Executive summary

This tool takes in a list of proteins or protein-interactions and searches for significantly enriched, short, linear motifs and ranks them by combining scores from over-representation, conservation, motif-like amino acids, overlap and motif-fit onto the surface of interacting three-dimensional structures (if available).

In more detail...

This tool integrates several previously developed tools from the Russell group. Given a set of sequences, a set of uniprot accessions/identfiers/gene-names or a set of interacting proteins, the method runs several tools. The results are integrated by Bayesian combination to give a ranked list of candidate motifs, with significance measures.

The methods used are:

This is a big re-boot of earlier work, specifically DiLiMot and PepSite developed in the mid 2000s, with a lot of new ideas and improvements.

Even more detail...

Motif over-representation

The starting point of this pipeline is a search for any motifs that are significantly over-represented in a set of sequences. We use a version of the TEIRESIAS algorithm to find motifs within sequences that have first normally been filtered to remove regions unlikely to contain motifs, or regions that are already represented by homologous segments in the same set (more about this below). For the presence of a motif in a total of n out of M sequences we use a Binomial probability using a background probability of the motif occuring randomly in a set of similarly filtered sequences.

Conservation in orthologous sequences

We correct the above Bionomial probability by considering how well the motif is conserved within orthologous sequences for the approprate species group within the EggNOG database. Previously we simply multiplied these probabilities together (to get something we called Scons; see Neduva et al, 2005). However, this presumed that all instances of the motif across homologous species were independent, which is a wild over-estimate. We thus modified this by raising each species p-value to a power that captures how many effective independent observtaions there are. This measure is based on a rough idea of how orthogonal species are to each other. For example, seeing a motif in Mouse as well as Human does not improve the probability much, though seeing it in Yeast will improve confidence considerably (though this rarely happens).

How much does the motif look like other motifs?

Certain amino acids are very common in the hundreds of known linear motifs. We capture this in a metric that is a sum of the log odds comparing how frequent each amino acid is in motif instances compared to other protein regions. Residues like Tryptophan (W), Arginine (R) or Proline (P) are very likely in contrast to residues like Alanine (A) or Glycine (G) which are rare in known motifs.

Motifs occuring as multiple variations around a theme

An observation we have made previously is that when a real motif is found (e.g. in a set of proteins sharing a common interaction partner), it tends not to be found as a single, discrete motif, but as a series of motifs with variations around a common core (e.g. SH3 motifs might be PxPxxP or PxxPxP around a core PxxP motif). We thus introduced a metric that counts how often motif instances for significant motifs overlap with those from other significant motifs.

Fit to the surface of a hub protein (PepSite)

In most cases motifs interact with one or more specific partner proteins (which we call hubs or perpetrators). If a structure is available, then we make use of our program PepSite to see if any of the peptide instances found fit well onto any available structures for the hubs. By default, we only consider the top four structures sharing 70% or more sequence identiy with the hub protein (similarities detected using BLAST. It is possible to view the predicted binding sites by clicking on the relevant links.

Filtering sequences

Many parts of proteins are very unlikely to contain motifs. First, motifs tend to occur in non-globular, or un-structured or disordered parts of proteins, since this renders them more accessible to their binding partners (in contrast to parts that are buried in a structured domain). Moreover, it is well established that motifs are not descended from a common ancestor in the same way that protein-domains are. That is, we believe that motif instances appear spotaneously in protein sequence by convergent, instead of divergent, evolution. For this reason, it is important that no homology is present in the sequences before running the search. If they are present, then the over-representation becomes problematic as instances of putative will be appear that are the result of homology.
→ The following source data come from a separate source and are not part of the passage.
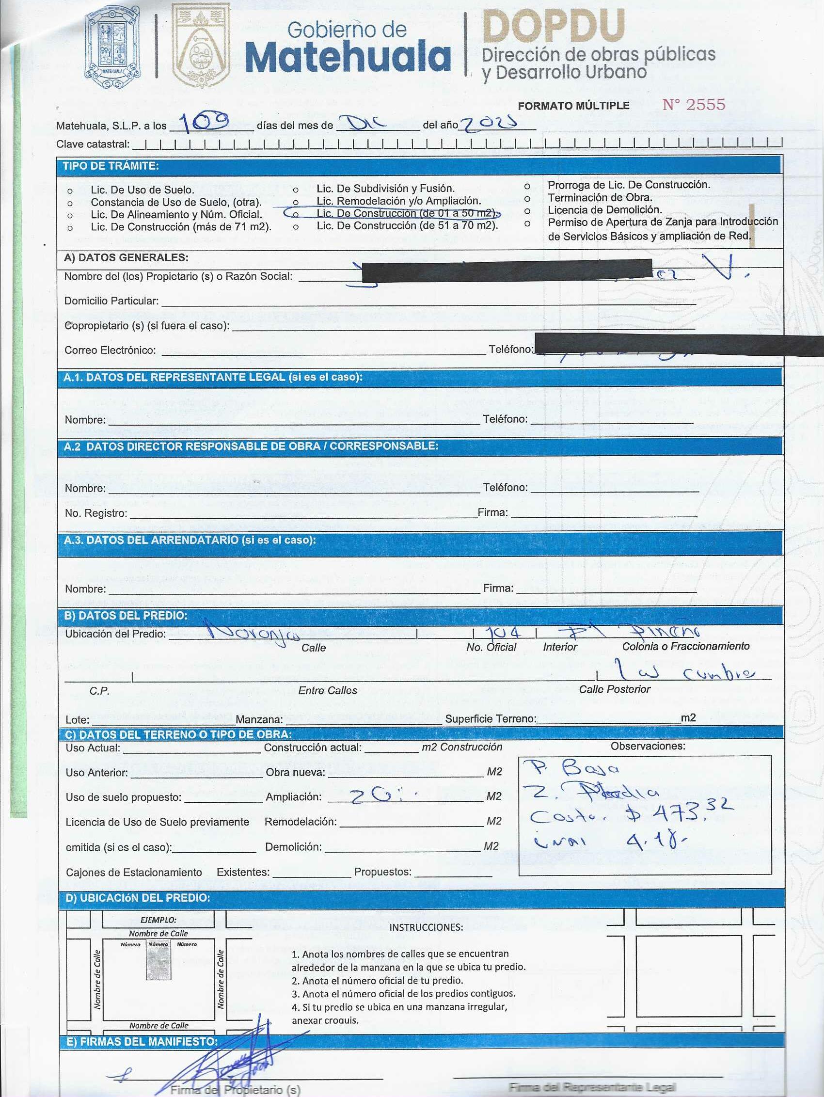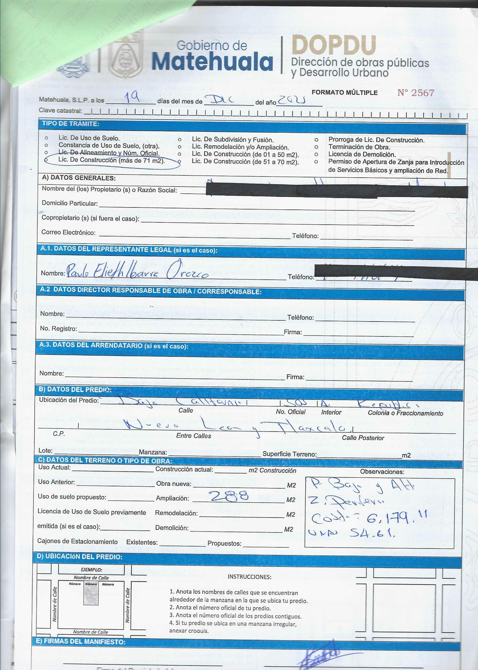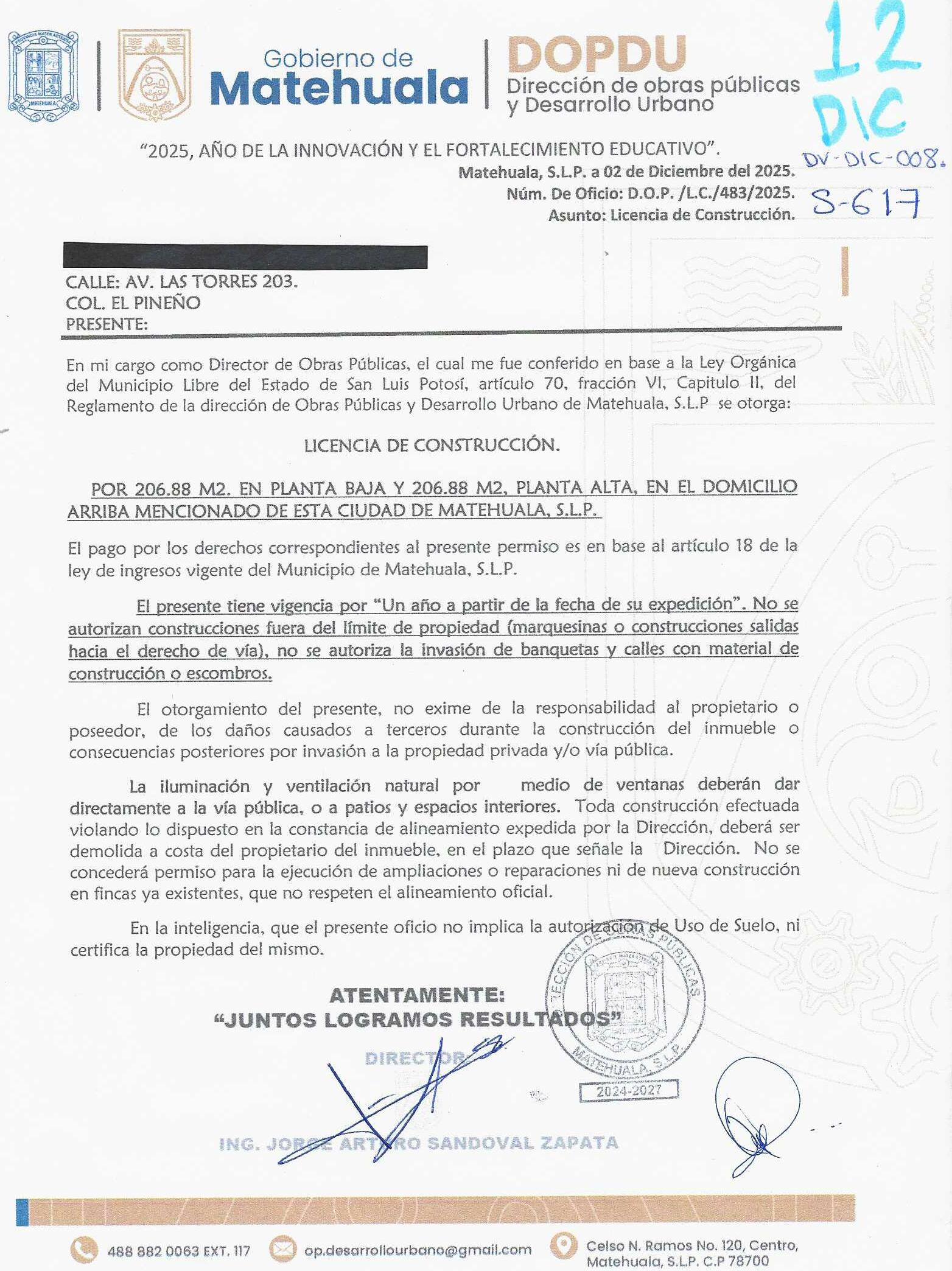 2025 01/12/2025 31/12/2025 DOP/LC/483/2025 CONSTRUCCION DANIELA TRISTAN ATILANO AV. LAS TORRES Calle AV. LAS TORRES 203 0 Colonia EL PINEÑO 20 MATEHUALA 20 MATEHUALA 24 San Luis Potosí 78730 "http://www.cegaipslp.org.mx/HV2025.nsf/nombre_de_la_vista/B6D51B7ED7269A5E06258D760070275C/$File/12+DANIELA+TRISTAN+ATILANO.jpg " 30/12/2025 30/12/2026 HABITACIONAL "http://www.cegaipslp.org.mx/HV2025.nsf/nombre_de_la_vista/96C9A83DABD26F3606258D760071A429/$File/12+DANIELA+TRISTAN+ATILANO.jpg " DIRECCIÓN DE OBRAS PÚBLICAS Y DESARROLLO URBANO 05/01/2026 COBRO NORMAL
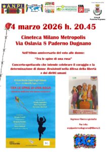 – nell’ambito delle iniziative per l’80mo del voto alle donne, stiamo organizzando per il mese di marzo 2026 uno spettacolo teatrale che intende celebrare il coraggio e la determinazione di donne Resistenti nella difesa della libertà e dei diritti umani. Lo spettacolo si terrà al Cinema Metropolis il 4/3/2026 h. 20.45 e a breve la locandina da diffondere
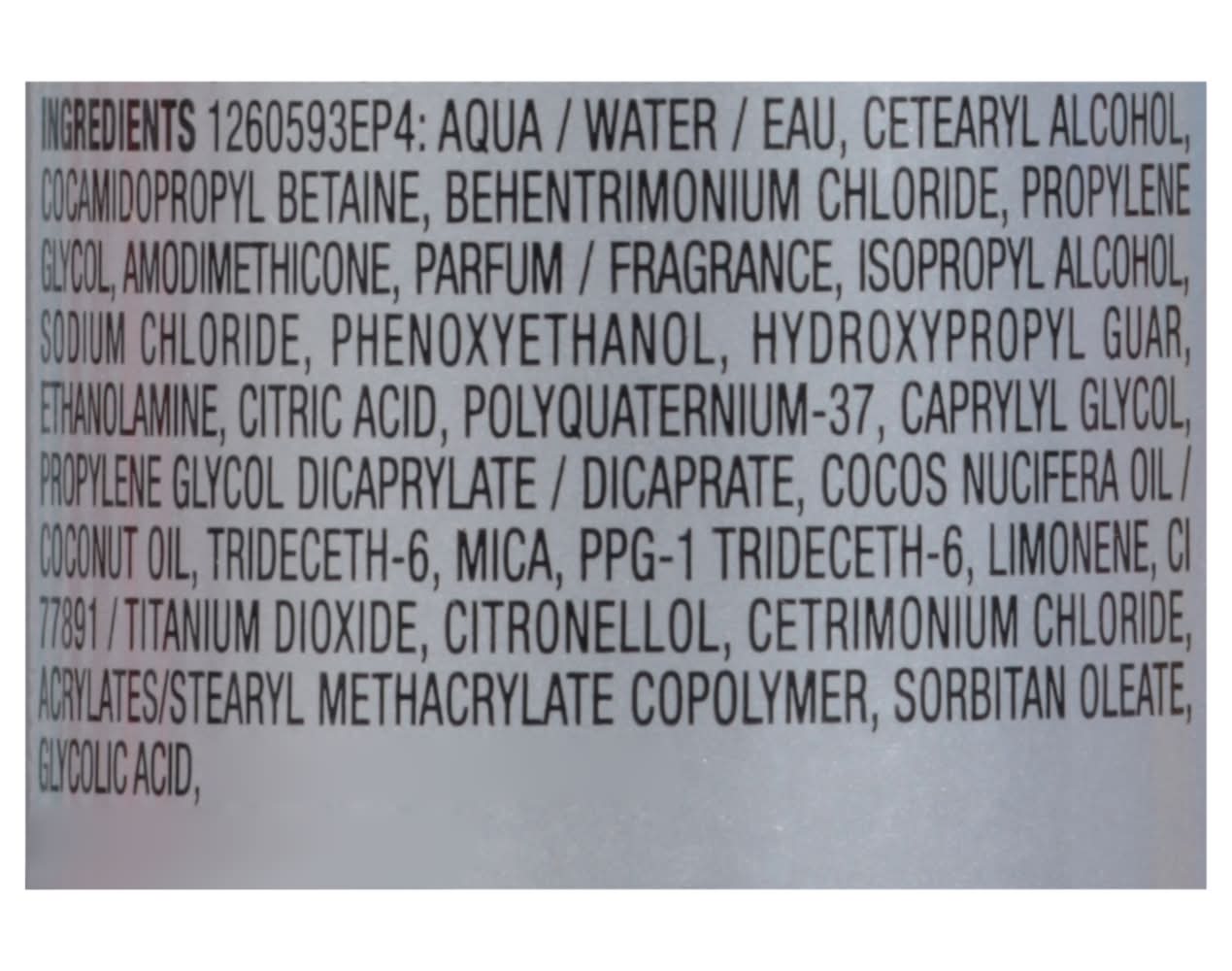 Ingredients: Aqua/Water/Eau, Cetearyl Alcohol, Cocamidopropyl Betaine, Behentrimonium Chloride, Propylene Glycol, Amodimethicone, Parfum/Fragrance, Isopropyl Alcohol, Sodium Chloride, Phenoxyethanol, Hydroxypropyl Guar, Ethanolamine, Citric Acid, Polyquaternium-37, Caprylyl Glycol, Propylene Glycol Dicaprylate/Dicaprate, Cocos Nucifera Oil/Coconut Oil, Trideceth-6, Mica, PPG-1 Trideceth-6, Limonene, CI 77891/Titanium Dioxide, Citronellol, Cetrimonium Chloride, Acrylates/Stearyl Methacrylate Copolymer, Sorbitan Oleate, Glycolic Acid, EDTA. F.I.L. #T70052237/1 Contains: Tree Nuts, Coconuts
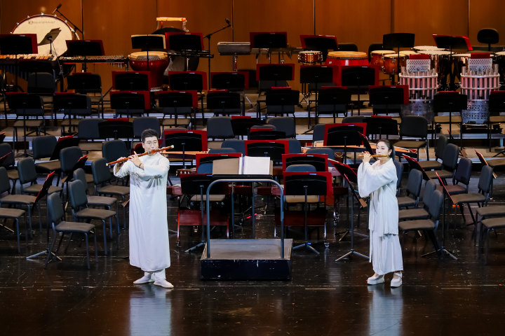 序曲——竹笛二重奏《远舟》,以别具匠心的设计启程。竹笛演奏家魏思骏与韩慧慧藏身于观众席中,悄然吹奏起曼妙的笛音,打破了传统音乐会演出的惯常形式,由此将听众带入到悠远神秘的时空中,以回望古老的文明,为整场音乐会奠定了厚重的文化质感,开启了如诗如画的音乐篇章。
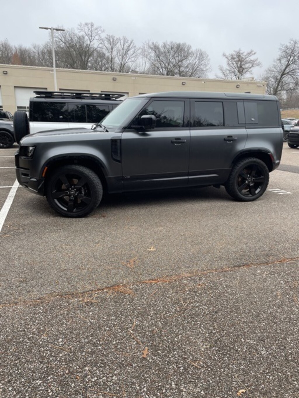 Recent Arrival! Clean CARFAX. Gray 2023 Land Rover Defender 110 4WD 8-Speed Automatic 5.0L V8 14-Way Heated & Cooled Electric Memory Seats, 15 Speakers, 3.55 Axle Ratio, 4-Wheel Disc Brakes, ABS brakes, Adaptive suspension, Air Conditioning, Alloy wheels, AM/FM radio: SiriusXM, Apple CarPlay & Android Auto, Auto High-beam Headlights, Auto tilt-away steering wheel, Auto-dimming door mirrors, Auto-dimming Rear-View mirror, Automatic temperature control, Brake assist, Bumpers: body-color, Compass, Delay-off headlights, Driver door bin, Driver vanity mirror, Dual front impact airbags, Dual front side impact airbags, Electronic Stability Control, Exterior Parking Camera Rear, Four wheel independent suspension, Front anti-roll bar, Front Bucket Seats, Front Center Armrest, Front dual zone A/C, Front fog lights, Front reading lights, Fully automatic headlights, Garage door transmitter: HomeLink, Headlight cleaning, Heads-Up Display, Heated door mirrors, Heated front seats, Heated rear seats, Heated steering wheel, Illuminated entry, Leather Shift Knob, Low tire pressure warning, Memory seat, Navigation system: Connected Navigation PIVI Pro, Occupant sensing airbag, Outside temperature display, Overhead airbag, Overhead console, Panic alarm, Passenger door bin, Passenger vanity mirror, Power door mirrors, Power driver seat, Power moonroof, Power passenger seat, Power steering, Power windows, Radio data system, Radio: 700W 15 Speaker Meridian Surround Sound Sys, Rain sensing wipers, Rear air conditioning, Rear anti-roll bar, Rear fog lights, Rear reading lights, Rear seat center armrest, Rear window defroster, Rear window wiper, Remote keyless entry, Security system, Speed control, Speed-sensing steering, Speed-Sensitive Wipers, Split folding rear seat, Steering wheel memory, Steering wheel mounted audio controls, Tachometer, Telescoping steering wheel, Tilt steering wheel, Traction control, Trip computer, Variably intermittent wipers, Ventilated front seats, Weather band radio, Wheels: 22" Gloss Black Finish Style 5098, Wheels: 22" Gloss Dark Grey Style 5098, Windsor Leather Seat Trim.
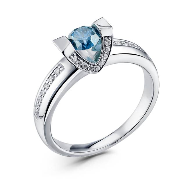 Помолвочное кольцо из белого золота с голубым бриллиантом (051511)
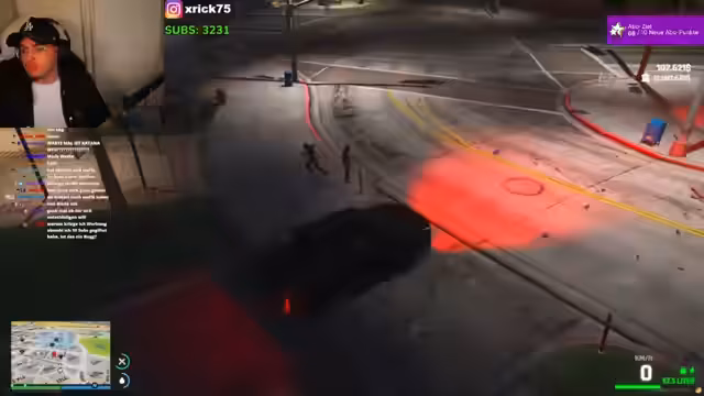 03:48:30Der Stream beginnt mit einer eskalierenden aggressiven Auseinandersetzung, die von verbalen Beleidigungen und Bedrohungen geprägt ist. Es droht die Benutzung von Waffen und explizite Drohungen, wie 'ich schieß dir gleich ins Bein', werden ausgesprochen. Die Situation spitzt sich zu, als eine Figur sich auf der Straße des anderen befindet und die andere Person mit einer Pistole bedroht und deren Verbleib auf der Straße als 'unglaublich' bezeichnet, was die angespannte Atmosphäre unterstreicht.
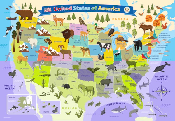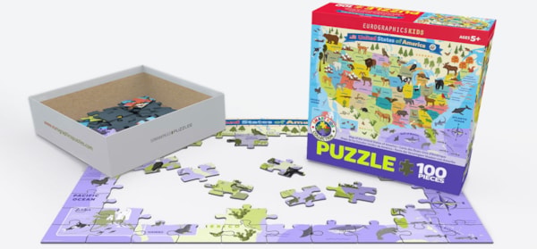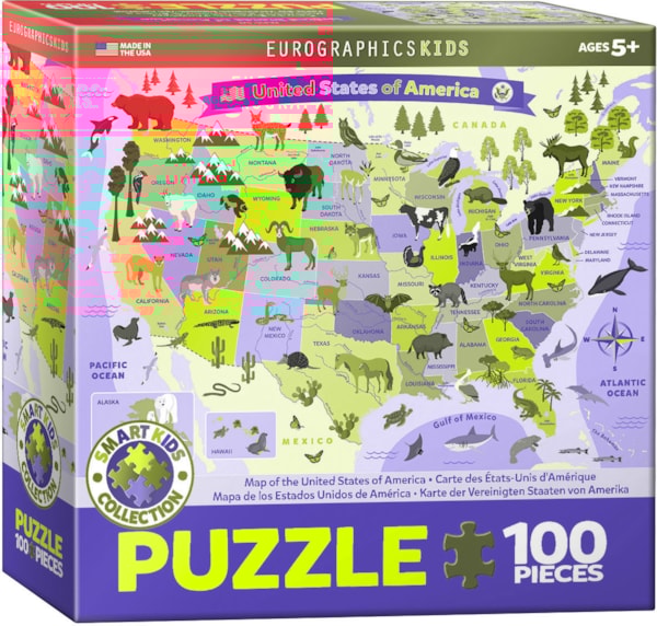 Unveil the diverse landscape and wildlife of the United States of America with this engaging 100-piece puzzle. Piece together the map to reveal the different states, from the Pacific coast to the Atlantic shore, and discover the amazing animals that call each region home.
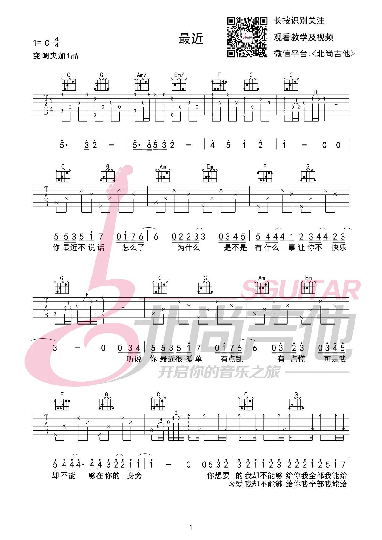 曲谱介绍: 李圣杰《最近》吉他弹唱谱,采用C调指法编配,北尚吉他编配出品,共有2张高清图谱,免翻页排版设计。
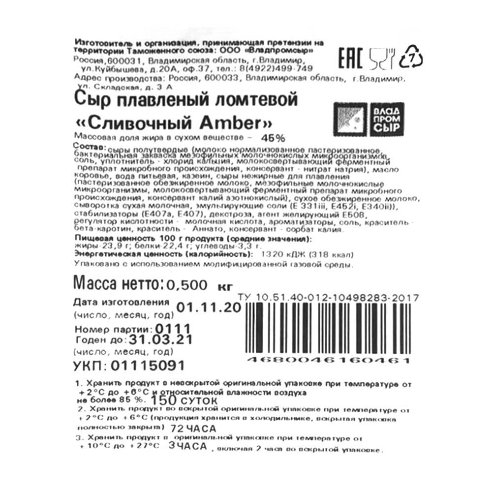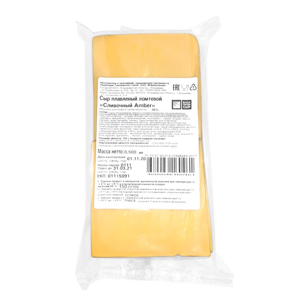 Сыр Amber оранж сливочн плавл нарезка 45% 40ломт 500гр флоу-пак МГС БЗМЖ Владпромсыр(КОД 37042)(0°С)
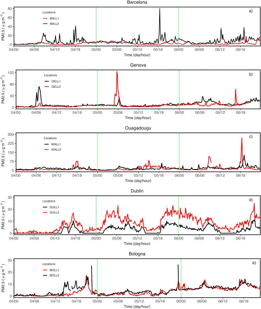 PM2.5 concentrations showed large spatial and temporal variability among the LLs during the ICD and the days before and after due to different meteorological and morphological factors at each LL. Two locations in Barcelona clearly exemplify the differences, as BALL2 recorded higher values (median 5.0 μg/m3, range 0.0–80 μg/m3), as it was located on a city center street with high traffic density, especially during rush hours. On the other hand, although BALL1 was located close to a touristic green area (park), the limited access of private cars and the larger distance to the street diminished PM2.5 concentrations (median 1.5 μg/m3, range 0.0–18.5 μg/m3). The lower limit of the range reflects the lack of sensitivity of the PMS5003 sensor for very low values, in agreement with Brattich et al. (2020). Similar differences were observed in Dublin, though without reaching such high peak values as those observed in BALL. DULL1 was installed near the Irish Sea and recorded lower values (median 2.5 μg/m3, range 0.0–11.5 μg/m3) than DULL2, which was inland in a suburban area (median 7.0 μg/m3 range 0.0–25.9 μg/m3). The highest values were recorded in Ouagadougou (median 7.0 μg/m3, range 0.0–269.5 μg/m3 in WALL1 and median 14.0 μg/m3, range 0.5–128.5 μg/m3 in WALL2), probably related to drier conditions combined with occasionally local surface-level instability and traffic, which can raise the dust due to the unpaved roads, allowing the resuspension of dust particles (Nana et al., 2012). These conditions are typical of the dry pre-monsoon phase in the region (Bou Karam et al., 2009). Locations in Bologna showed similar median values (median 3.1 μg/m3, range 0.0–17.3 μg/m3 for BOLL1 and median 4.4 μg/m3, range 0.0–171.0 μg/m3 for BOLL2), with large temporal variability, in some cases including quick and short increases in PM2.5 concentrations due to local factors for reasons that have yet to be carefully analyzed. Finally, peaks observed in Genoa could be related to road traffic jams affecting differently the two locations (median 8.0 μg/m3, range 0.0–72.0 μg/m3 for BOLL1 and median 5.6 μg/m3, range 0.0–124.1 μg/m3 for BOLL2).
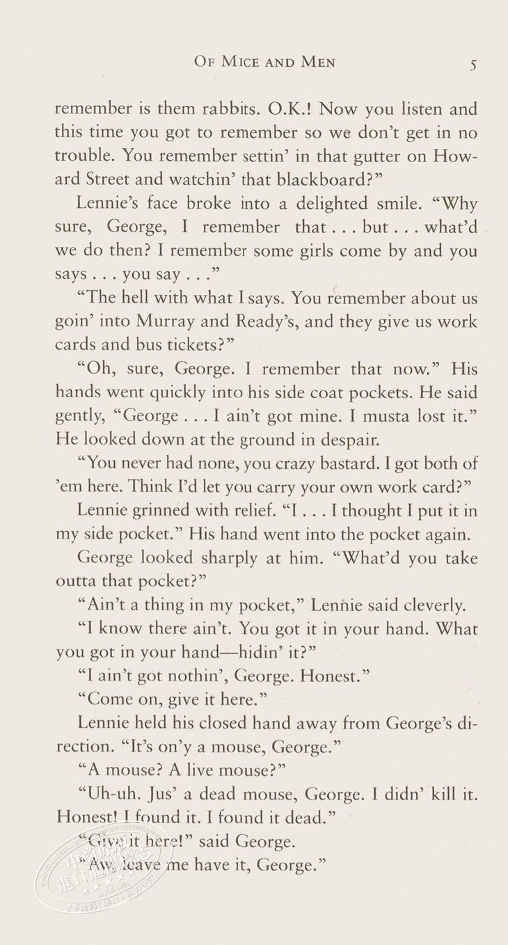 人鼠之间 英文原版 Of Mice and Men
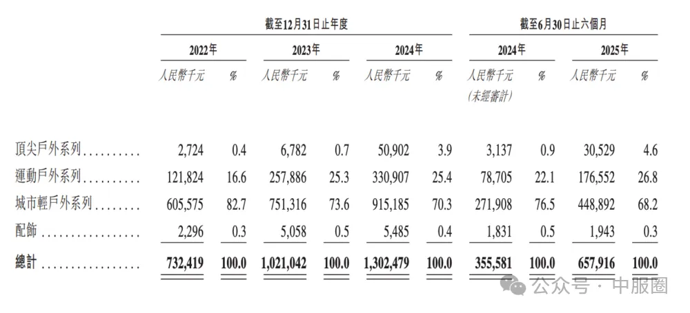 据了解,坦博尔原本是一家国产羽绒服的“老品牌”,后拓展扩展户外运动市场。目前的产品体系涵盖顶尖户外系列、运动户外系列、城市轻户外系列,截至今年6月底共有687个SKU。2025年上半年,城市轻户外系列的收入约4.48亿元,占收入比重达68.2%;运动户外系列占比达26.8%;顶尖户外系列占比为4.6%。
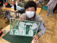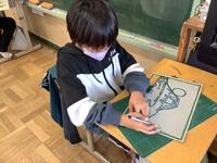 6年生の図画工作の授業の様子です。切り絵に取り組んでいます。子供たちがそれぞれデザインした絵柄をていねいにカッターで切り抜いていきます。6年生になるとカッターの扱い方も上手です。この後、この切り抜いた枠紙にカラーのセロファン紙を貼り付けて、ステンドグラス風に仕上げていく予定です。
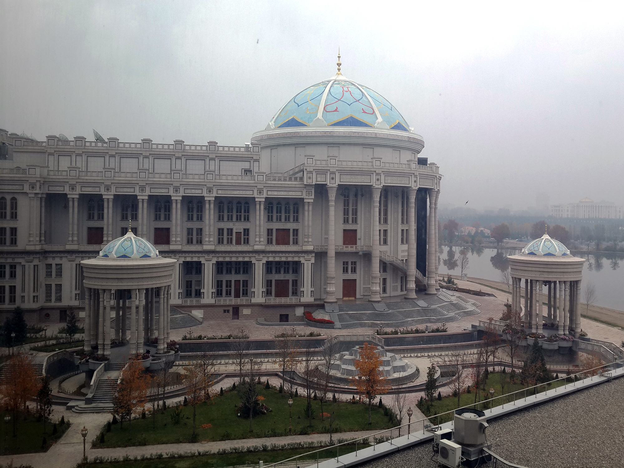 Немало административных зданий в центре города построены еще в советское время, точнее, большинство. Периодически на них мелькают советские же мозаичные сюжеты (например, на фасаде кукольного театра). Между ними вырастают-прорастают высоченные кирпичные «элитки» примерно в 12-14 этажей. Вероятно, не потому что жителям Душанбе они особенно нужны, а потому что так захотел президент. О том же свидетельствуют и помпезные дворцы с обязательными колоннами.

We have four means to remove regions unlikely to contain motifs:

By our assessment, only the first two are really necessary as, it seems in practise, they remove any problematic sequences likely to cause false positives (in a benchmark). However, it is sometimes worth trying the other filters for specific examples (i.e. funny domains or repeats in the sequences being considered, etc.)

Bayesian combination of scores

To merge the various metrics above into a single ranking metric, we used naive Bayesian integration as described here. Briefly, the performance of each metric by itself was assessed using a benchmark derived from the ELM database and the true- and false-positive rates used to create the combined metric, which itself has the best overall performance (ROC curve below). Note that both the Bayesian combined metric and our improved P-value (CorrP) also outpreform our original value (Scons). This suggests that both our new P-value and the combination of these weaker predictors (e.g. Motifness,PepSite) leads to a better overall set of motifs.

Publications about these tools

We hope the pipeline will be published soon. For the original DiLiMot (over-representation) method see Neduval et al, 2005. Additional details of the method and the original server can be found in Neduva & Russell, 2006. For the original PepSite reference see Petsalaki et al, 2009. More details are given in the paper on the improvements we made in Trabuco et al, 2012.